Infarction of the corpus callosum: a retrospective clinical investigation

Affiliations

Infarction of the corpus callosum: a retrospective clinical investigation

Shen Li et al. PLoS One. .

Abstract

Objectives: The aim of this study was to investigate patients with ischemic infarctions in the territory of the corpus callosum to advance our understanding of this rare stroke subtype by providing comprehensive descriptive and epidemiological data.

Methods: From January 1, 2010 to June 30, 2014, all cases of acute ischemic stroke diagnosed by clinical manifestation and diffusion weighted imaging in Dalian Municipal Central Hospital were investigated. The patients presenting with corpus callosum infarctions were selected and further allocated into genu and/or body and splenium infarction groups. Proportion, lesion patterns, clinical features, risk factors and etiology of corpus callosum infarction were analyzed.

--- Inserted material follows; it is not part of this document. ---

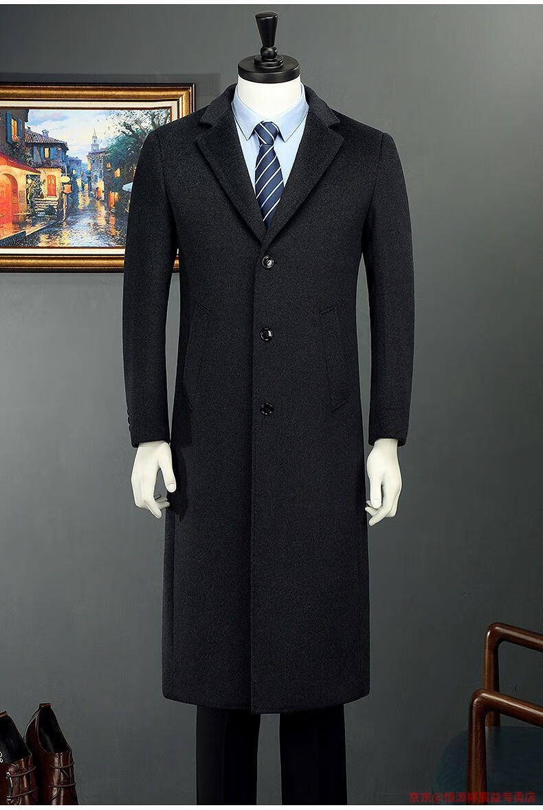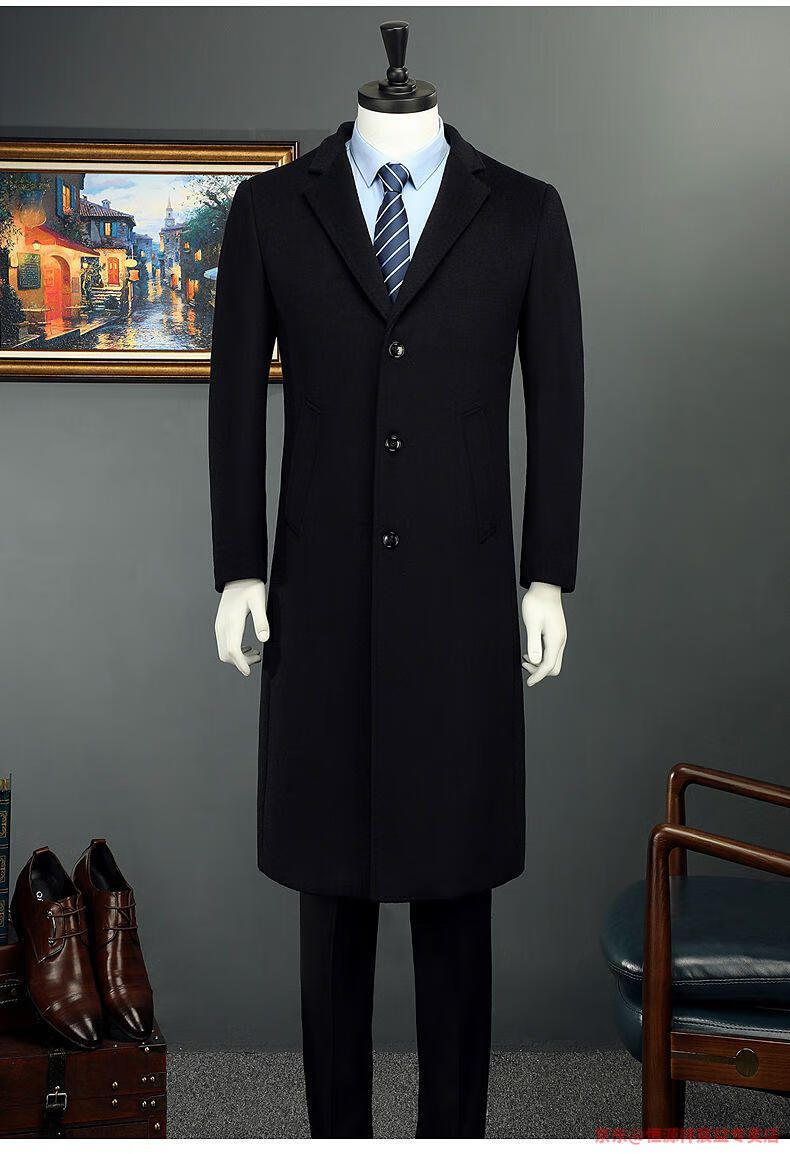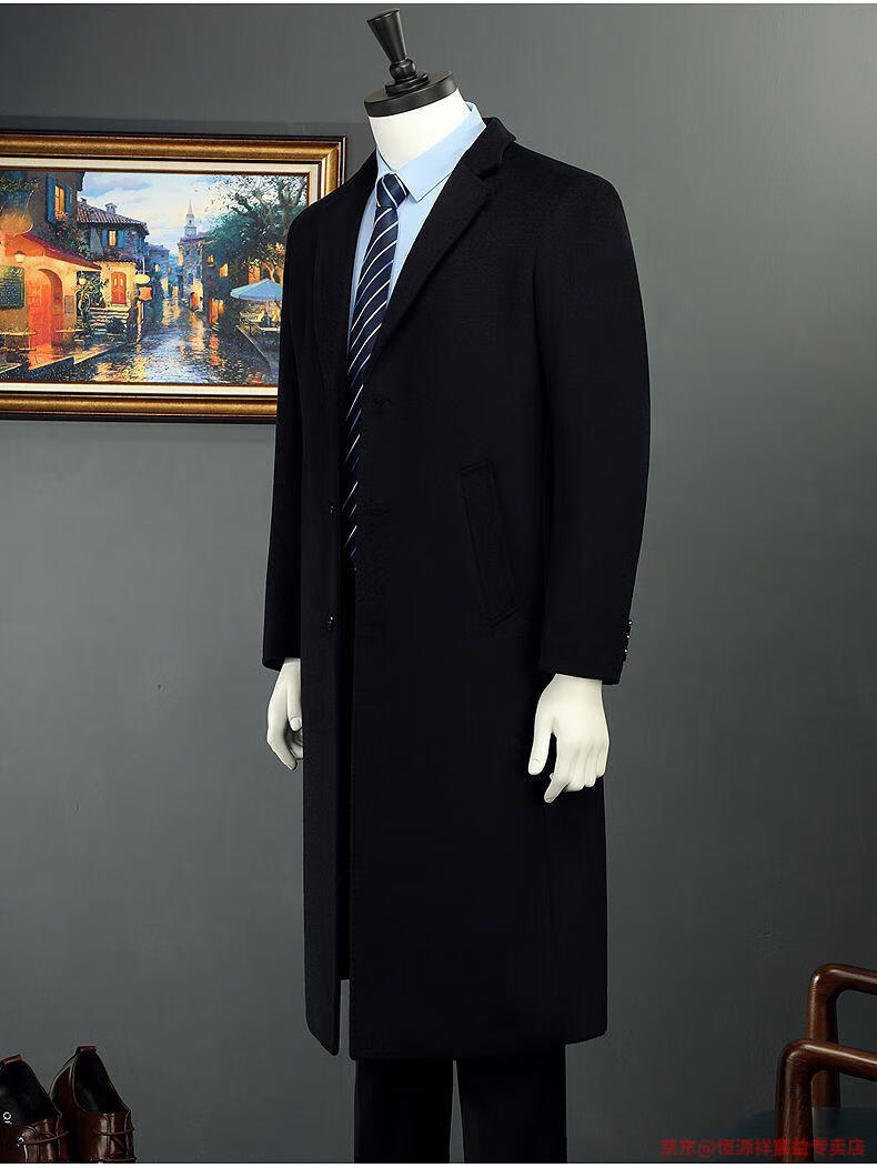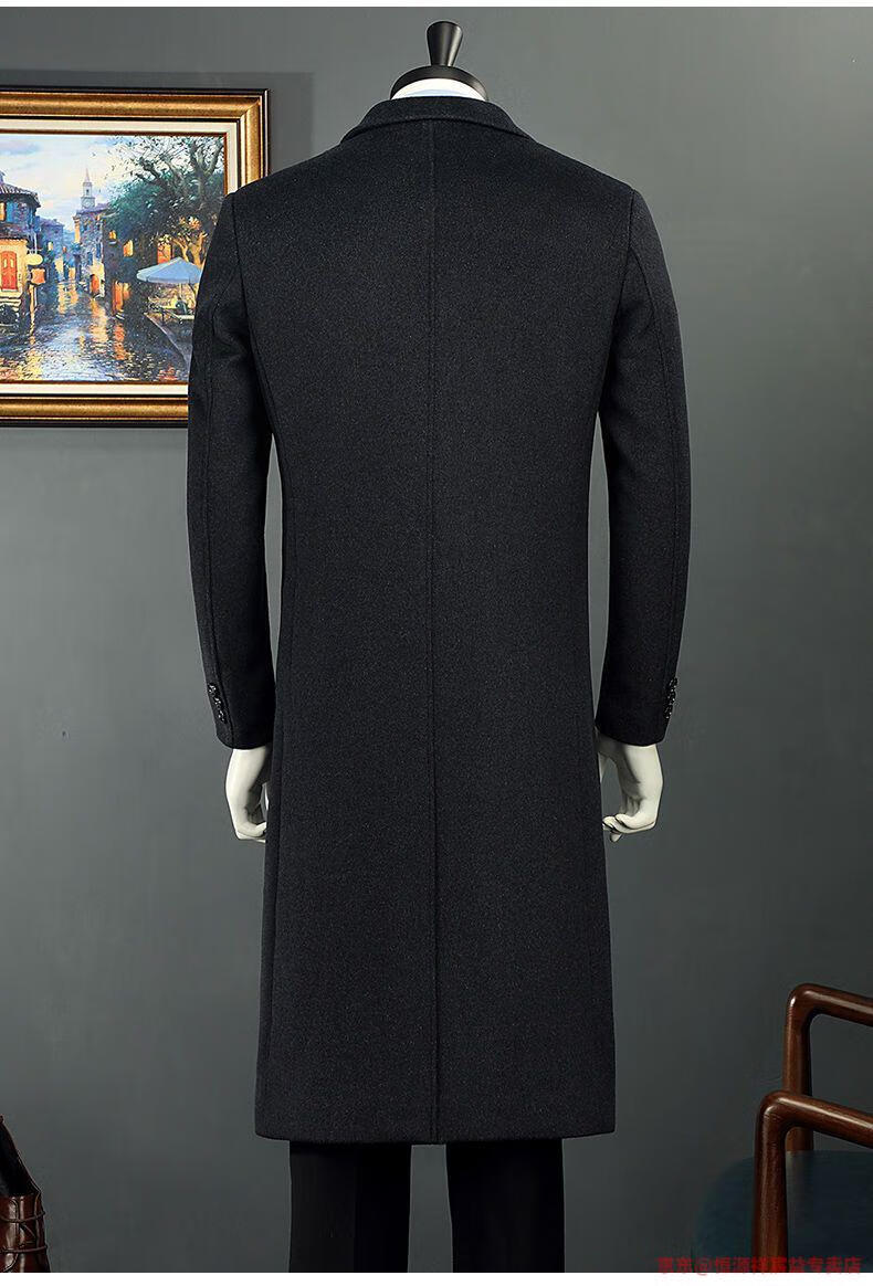 Hengyuanxiang men's coat men's long middle-aged knee-high suit collar Korean style autumn and winter windbreaker woolen coat black long 4XL 155-170Jin Jin equals 0.5 kg

Results: Out of 1,629 cases, 59 patients (3.6%) with corpus callosum infarctions were identified by diffusion weighted imaging, including 7 patients who had ischemic lesions restricted to the corpus callosum territory. Thirty six patients had lesions in the splenium (61.0%). Corpus callosum infarction patients suffered from a broad spectrum of symptoms including weakness and/or numbness of the limbs, clumsy speech, and vertigo, which could not be explained by lesions in corpus callosum. A classical callosal disconnection syndrome was found in 2 out of all patients with corpus callosum infarctions. Statistical differences in the risk factor and infarct pattern between the genu and/or body group and splenium group were revealed.

Conclusion: Corpus callosum infarction and the callosal disconnection syndrome were generally rare. The most susceptible location of ischemic corpus callosum lesion was the splenium. Splenium infarctions were often associated with bilateral cerebral hemisphere involvement (46.2%). The genu and/or body infarctions were associated with atherosclerosis. The most common cause of corpus callosum infarction probably was embolism.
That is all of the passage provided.